- Task description -
The answer should be every line below, repeated exactly, with the images left out.

- Data block -
- - -
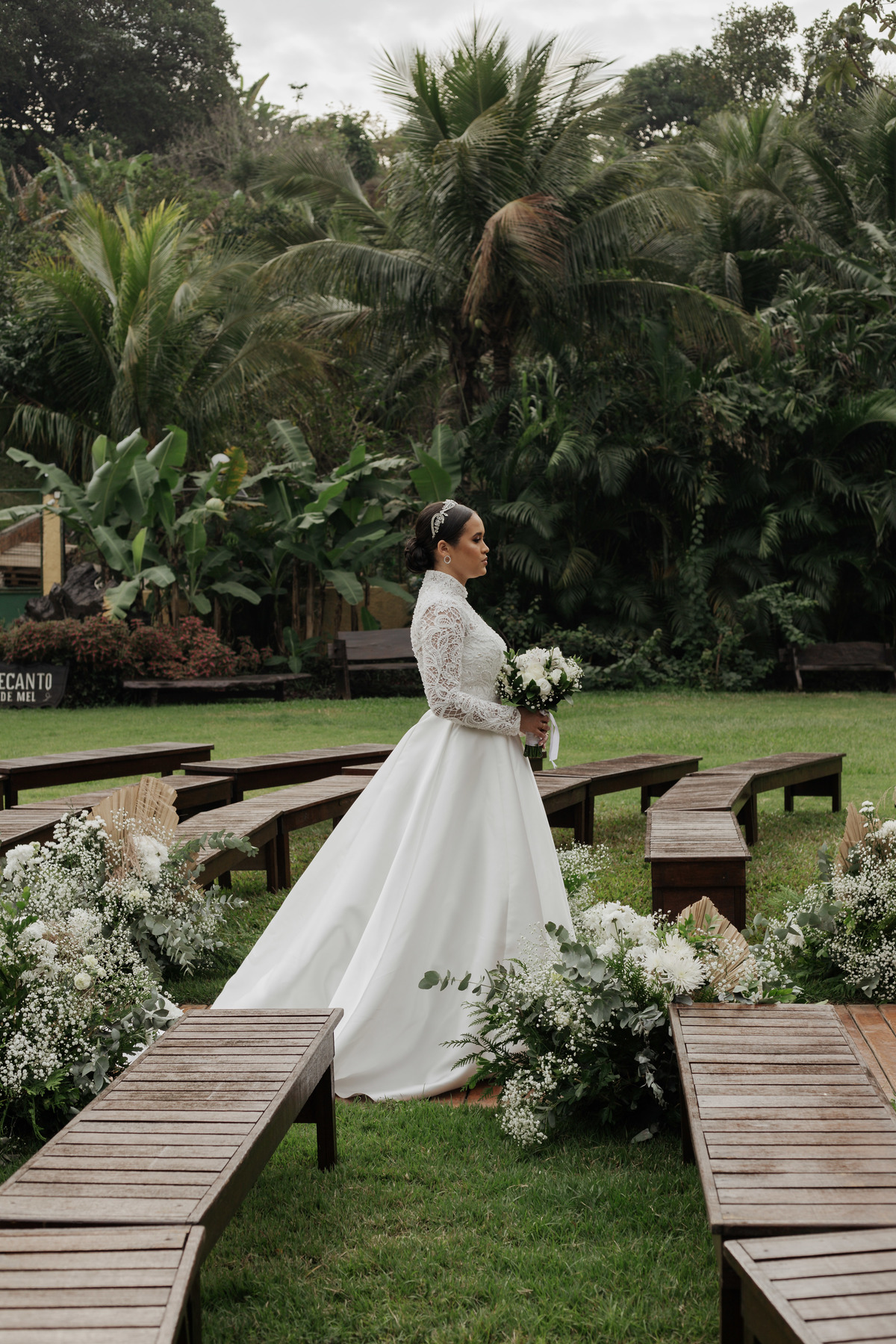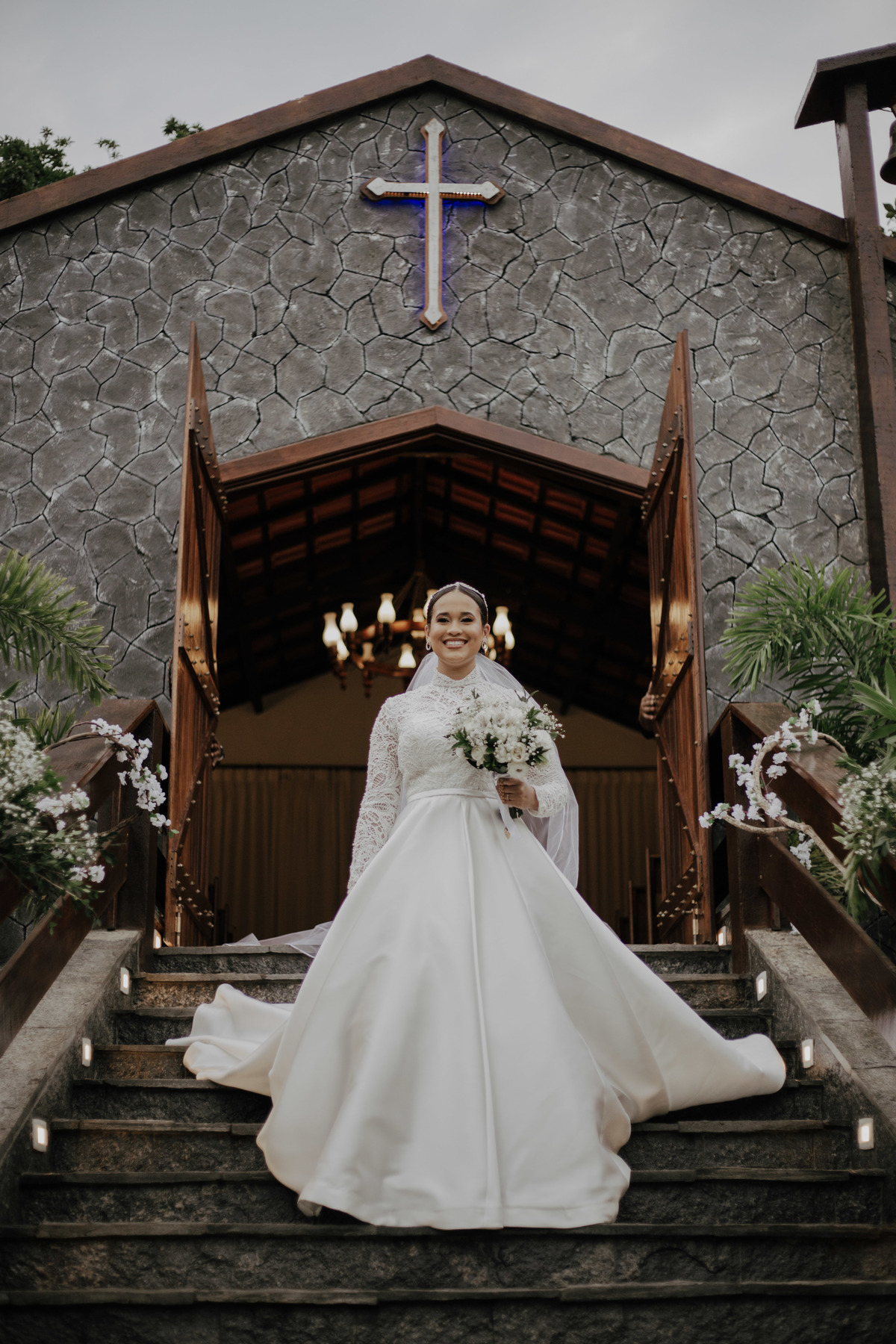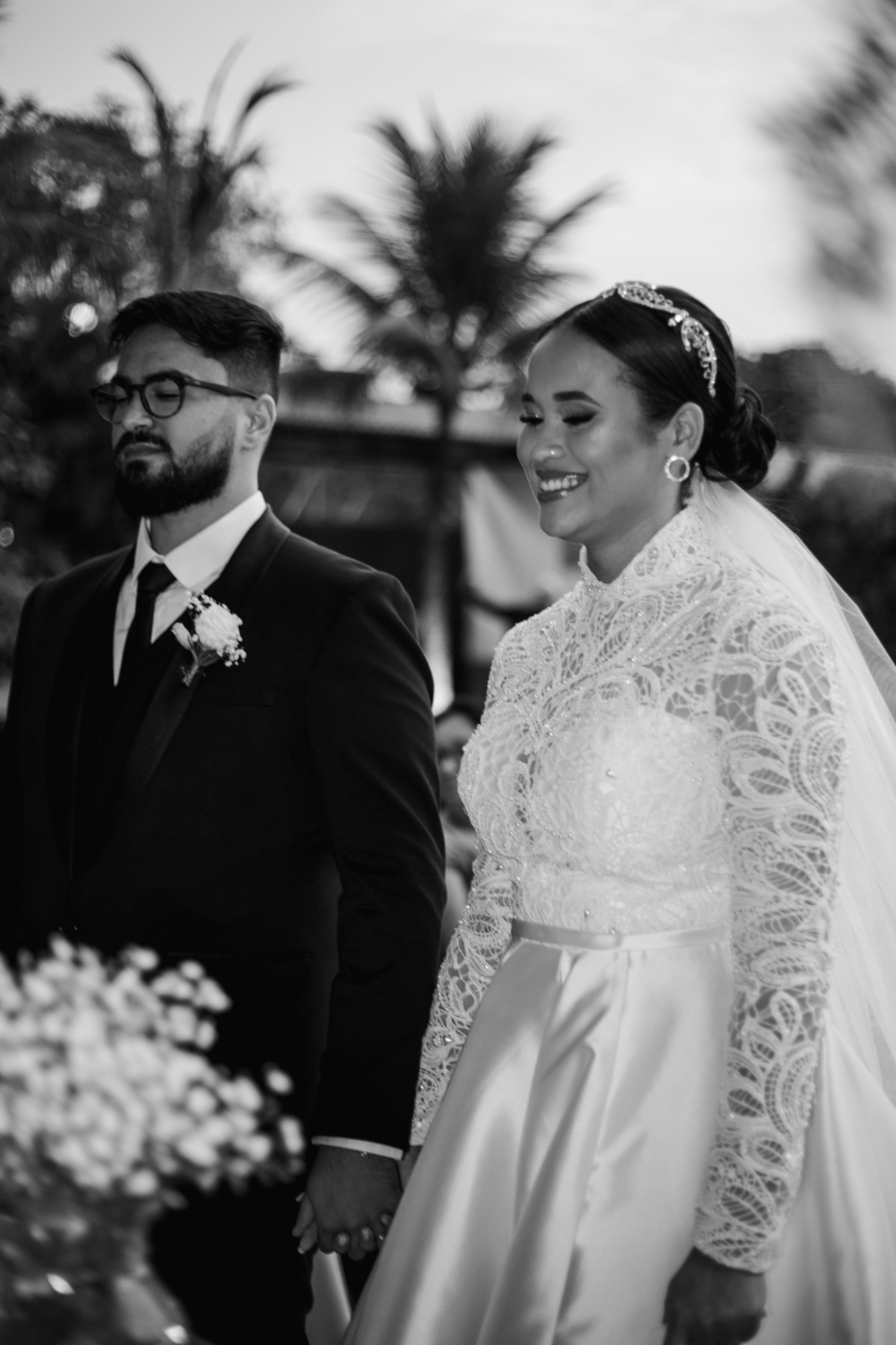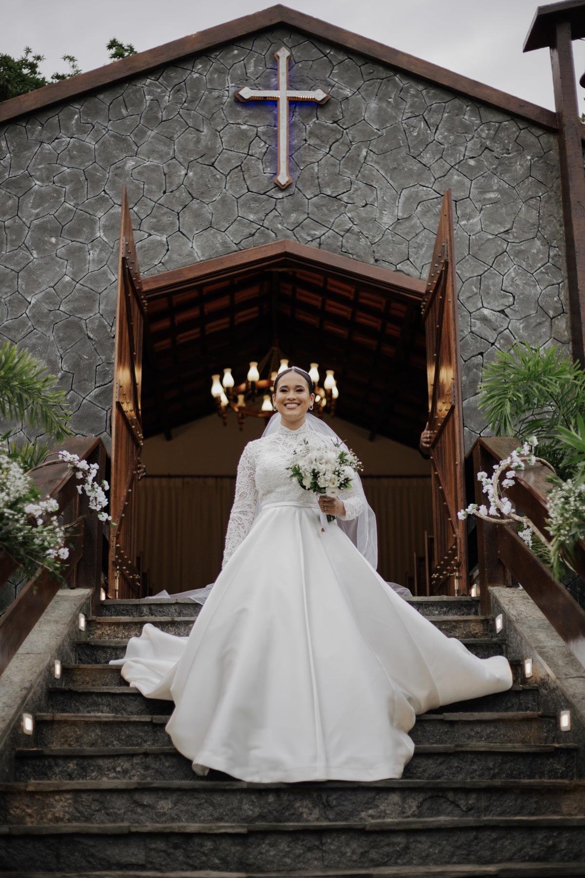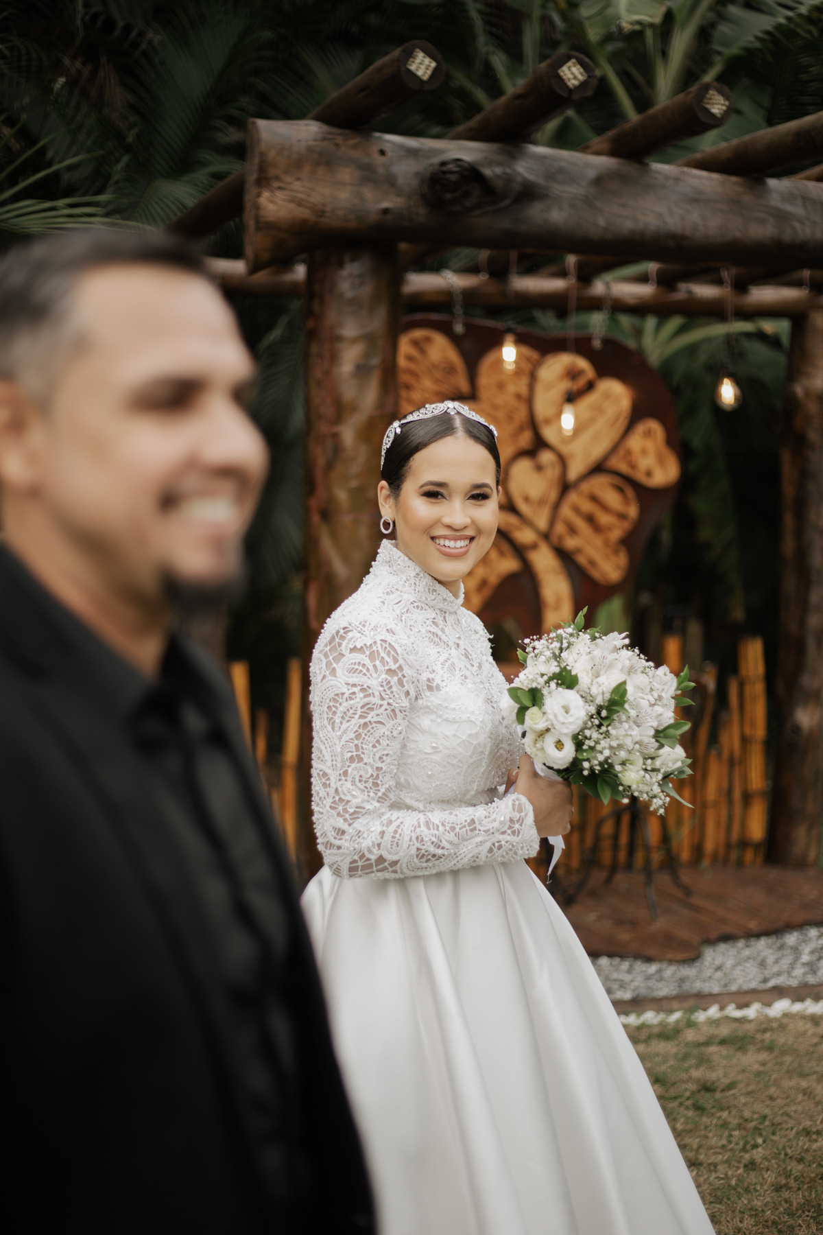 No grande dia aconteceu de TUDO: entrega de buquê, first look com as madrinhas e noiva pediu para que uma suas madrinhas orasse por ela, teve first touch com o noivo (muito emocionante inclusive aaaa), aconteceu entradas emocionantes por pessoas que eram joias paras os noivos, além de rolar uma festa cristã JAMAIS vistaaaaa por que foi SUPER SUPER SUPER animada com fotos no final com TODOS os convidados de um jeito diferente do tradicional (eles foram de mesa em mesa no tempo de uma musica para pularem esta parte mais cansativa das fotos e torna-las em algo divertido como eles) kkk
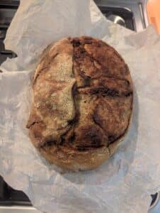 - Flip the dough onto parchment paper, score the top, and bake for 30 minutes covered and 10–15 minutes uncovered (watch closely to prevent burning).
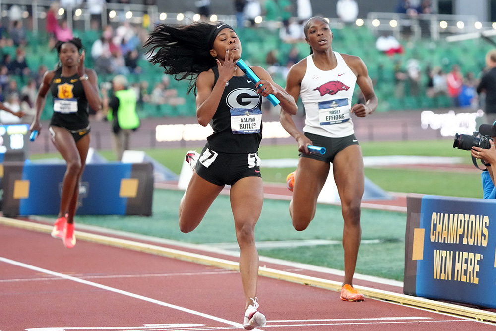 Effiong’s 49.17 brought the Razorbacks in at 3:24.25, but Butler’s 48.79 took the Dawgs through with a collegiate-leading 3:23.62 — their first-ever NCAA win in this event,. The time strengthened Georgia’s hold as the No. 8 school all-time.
- - -
- Response box -
 No grande dia aconteceu de TUDO: entrega de buquê, first look com as madrinhas e noiva pediu para que uma suas madrinhas orasse por ela, teve first touch com o noivo (muito emocionante inclusive aaaa), aconteceu entradas emocionantes por pessoas que eram joias paras os noivos, além de rolar uma festa cristã JAMAIS vistaaaaa por que foi SUPER SUPER SUPER animada com fotos no final com TODOS os convidados de um jeito diferente do tradicional (eles foram de mesa em mesa no tempo de uma musica para pularem esta parte mais cansativa das fotos e torna-las em algo divertido como eles) kkk
 - Flip the dough onto parchment paper, score the top, and bake for 30 minutes covered and 10–15 minutes uncovered (watch closely to prevent burning).
 Effiong’s 49.17 brought the Razorbacks in at 3:24.25, but Butler’s 48.79 took the Dawgs through with a collegiate-leading 3:23.62 — their first-ever NCAA win in this event,. The time strengthened Georgia’s hold as the No. 8 school all-time.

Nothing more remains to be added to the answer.